So here I am. I have got my logo. I'm playing around with it, my art director comes by and says, "what in the world are you doing?" And I'm like, "just doing my job." Then here she says, "No, no, no, that Glistenex logo is too darn small. They are very fussy client, and they just hate it when their logo is only of the size of the dude's shoulder. It needs to be much larger than this." And I'm like okay, yeah, fine. So what I'll do is I'll just go ahead and transform it and make it bigger. Why don't I? So I'll go up to the Edit menu and I'll choose the Free Transform command, Ctrl+T, Command+T on the Mac. And then it's telling me that the size of the logo is 100%. Even though I know it's 35% of its former size, I'm being told that's 100% of its size and that's because now that its pixels, Photoshop has no memory of what it used to be.

All right, so I'll just go ahead and make it really gargantuan because that's what they want. They want their logo so huge that it covers up the dude's face, and it's looking pretty choppy actually. I'll go ahead and zoom in on that logo to the 100% view size and I'm thinking, hmm, that's not welcome news, but at the same time, Free Transform doesn't show you the anti-aliasing while you are in the Free Transform mode. It abandons the anti-aliasing. So it's not really a good indicator of the final appearance. You are not going to know what it really looks like until you go ahead and press the Enter key or the Return key on the Mac. And there it is and it looks like garbage. It looks very bad and you can see that we have got some very rough transitions and this is a function of bicubic interpolation. So it's good interpolation, it's just horrible results because we have upsampled so significantly.

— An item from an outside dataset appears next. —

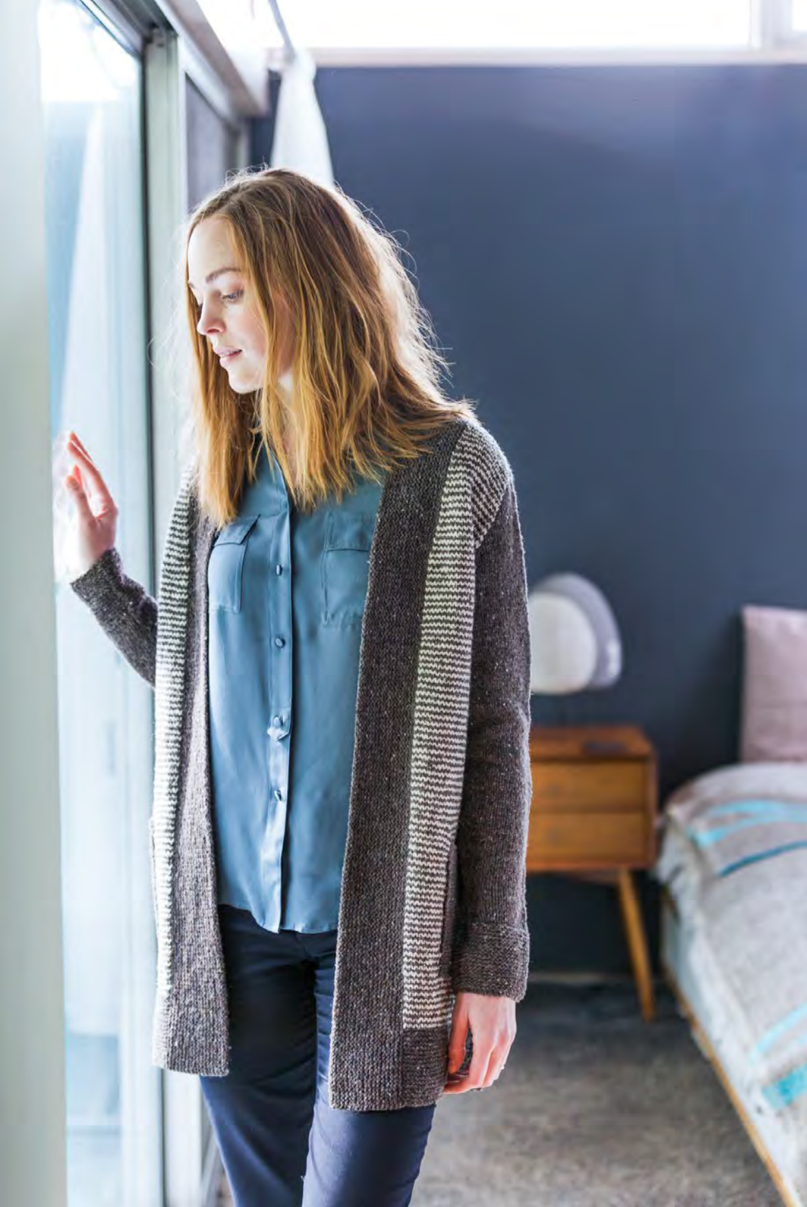
RIVET Shelter , 12–19 skeins Shop Pattern >

So then the art director says, "Whoa, that looks terrible. Make it smaller again. We can't have it that big if it's going to look like that." So you will press Ctrl+T or Command+T on the Mac and make it smaller. I'm Shift+Dragging by the way the corner handle, so I'm constraining the proportions. So I'd say, "Okay, I'll make it smaller" and press Enter or Return, and they say, "No, not that small. What are you thinking? Make it bigger again". So I'll press Ctrl+T or Command+T on the Mac and I'll make it bigger again and I'm getting flustered now and I press Enter or Return and now it really looks like just horrible now and I get fired.

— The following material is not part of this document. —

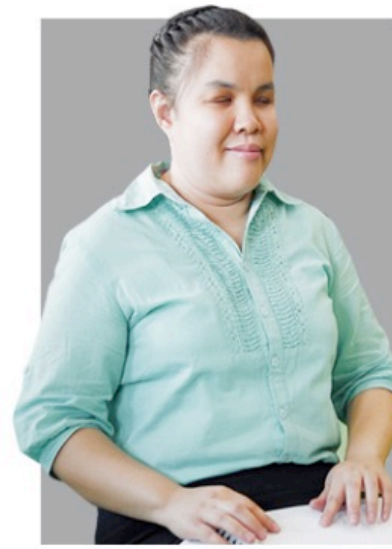
Maintaining A JOB

So that's a very sad story. Thanks to a lack of Smart Objects in Photoshop CS and earlier, I got fired. All right, so boy, that looks terrible. So now thanks to Smart Objects, how do things look? Let's just go up to the File menu and choose the Revert command or press F12 in order to restore the original Smart Objects version of the logo. So let's replay that exact conversation. I'm sitting there, la, la, la, la, la, editing my ad, art director comes by, slaps me around a little, tells me that Glistenex logo should not be the size of the dude's shoulder. It needs to be much bigger.

I'm like okay, okay, I'll make it bigger. So I press Ctrl+T, Command+T on the Mac. It is a Smart Object now. So we have our original vector data embedded inside of this photographic composition and that's why Photoshop knows that the size is 35%. So it remembers. So if I make the logo really big like so, it's not looking good. I'll go ahead and zoom into 100% again and it's not looking good in the Free Transform mode, but that's because the anti-aliasing is temporarily turned off. I will go ahead and press the Enter key or the Return key on the Mac to accept that larger size. And see how long it took for Photoshop to calculate that? It's working from that original data. Oh! It's gorgeous.

Now, my art director says, "No, no, no, what are you thinking. It doesn't want to be that big. Make it smaller." And so I say, okay, Ctrl+T, Command+T on the Mac and make it really tiny, just this infinitesimal little dot of a logo. That's only 1.4% of its original size and then I press the Enter or Return key in order to accept that, and then my art director says, "My God man, have you lost your mind? It can't be that small. It could fit in the guy's shirt. It's so tiny." So I say, "Oh! Okay, you are right", and I press Ctrl+T, Command+T on the Mac in order to bring up Free Transform again. I press the Shift key, I make my logo bigger, and actually they want it at 65%.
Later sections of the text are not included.